About Avigdor Lieberman, I need say no more.
As for Meretz, the party has been reinventing itself for the last three years and may have grasped that by the time the occupation ends, as far as inequality is concerned, Israel will have become a third-world country. It did sponsor some important reforms and is crawling up in surveys, but has been ginger about touching the public-sector tax militias.
Naftali Bennett depicted himself as a warrior against the haves, before the election. Immediately afterward, he remembered that actually the best way to stay in power and get screen time (which he developed brilliantly) is to express extreme views on security and diplomacy.
The latest messiah, according to the polls, is Moshe Kahlon. He did fight the tycoons and led the cellular reform, which is a great model for fighting interest groups. But the probability of him reenacting the cellular reform in the other tax militias is low, barring massive public support. A Likud man his whole life, Kahlon knows exactly how hard it is to take on the special interest groups in the public sector. He’d have to prove very fast that he has the values, or a political model, that would avert a failure like Lapid’s.
You may be really mad right now. I just discounted all of Israel’s big political parties. But that isn’t my intention. Some of the politicians and Knesset members mentioned here are worthy, dedicated and well-meaning, who also do important things that can cost them a personal price. They didn’t invent the system in which interest groups in the public and private sectors trap democracy, leaving politicians little room to maneuver, and become preoccupied with smoke screens that influence the economic and social structures in Israel not one whit.

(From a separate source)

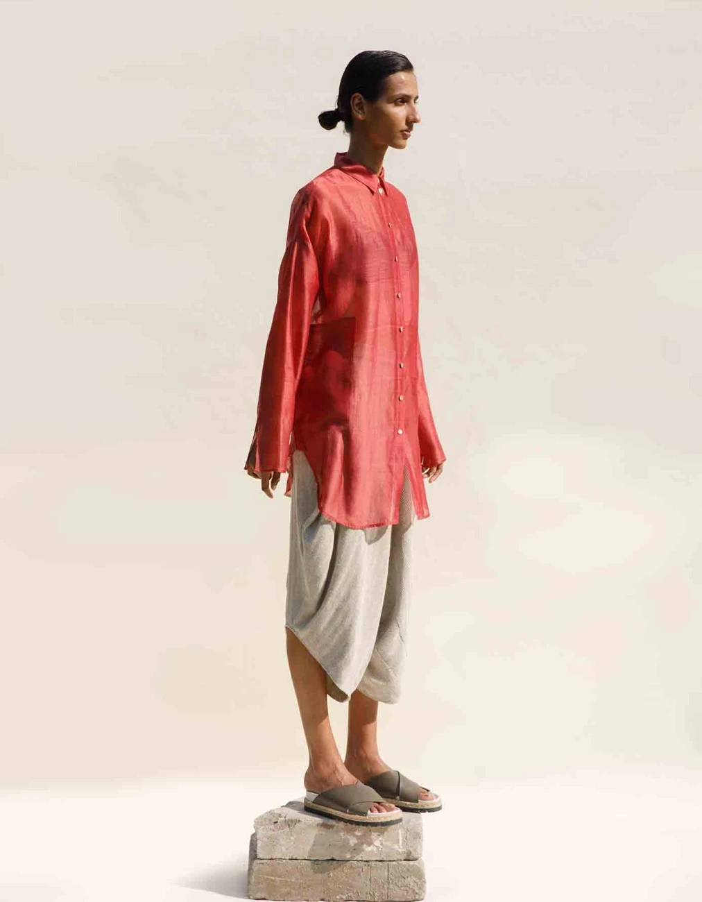 - Buttoned-down, tailored sheer shirt in chanderi.

Nor is this some Israeli invention. Devotees of the American free market method are mostly unaware that the American system is astonishingly similar. American politics is no less enslaved by interest groups than the Israeli one, and if anything is apparently more so. United States President Barack Obama promised to change the system but has been ground down. Washington lobbyists, war-mongers and arms dealers with ties to the Pentagon, are stronger and more influential than ever.

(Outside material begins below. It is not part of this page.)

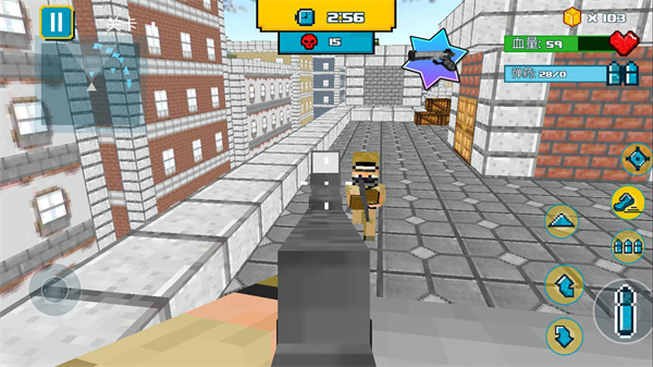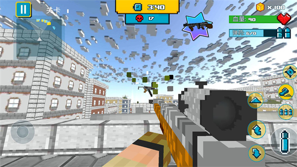 3、探索方块世界挑战更多敌人,你要使用各种武器快速射击,成为最后的胜利者。

Over the past 20 years, many of the differences between the Republican and Democratic parties have become blurred, as both came to faithfully serve the interest groups. Hillary and Bill Clinton are just as connected with Wall Street as the leaders of the “conservative” Republican Party. Only fringes on the left and certain mavericks on the right remain unbending before the rule of money, the big unions in the monopolistic industries and the giant companies.

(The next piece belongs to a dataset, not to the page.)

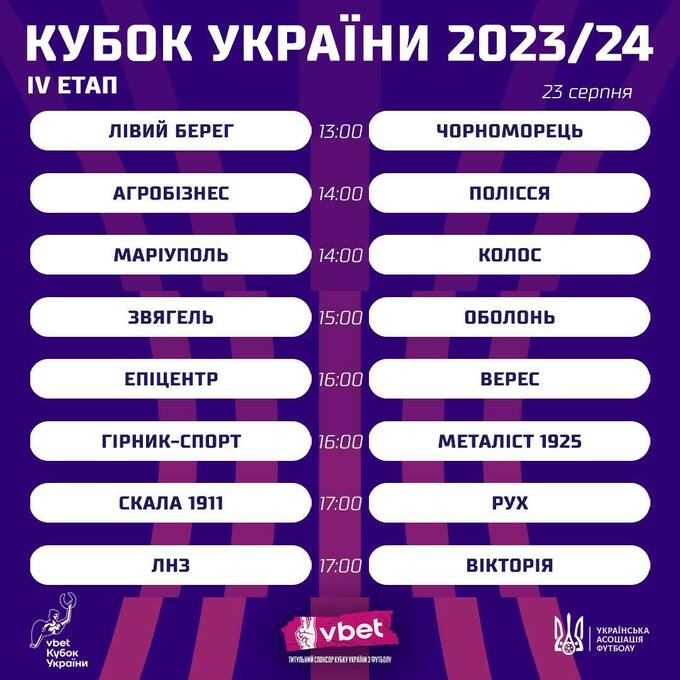 23 августа проходят поединки 4-го предварительного раунда Кубка Украины.

My purpose in this text is to explain why no politician riding a white ass will bring the change that so many of you yearn for. Changes always come from outside the establishment, outside the political system, from new ideas and new groups. The history of social movements, such as the civil rights movement in the U.S., show these processes take a very long time. I’d like to believe they can be faster in this digital age. I think the social protest proved that the discourse can change very fast, as can perceptions and economic policy, once the public wakes up. Yet it still takes a lot of time.
The public’s process of learning and waking up has just begun. We are entering a new age of searching for new models. Capitalism and government will have to reinvent themselves. The ones who invent them won’t be establishment, not politicians and not the government: They’ll be the last to join or react. As always, I invite you to wake up and take part in this discourse, because there are no shortcuts.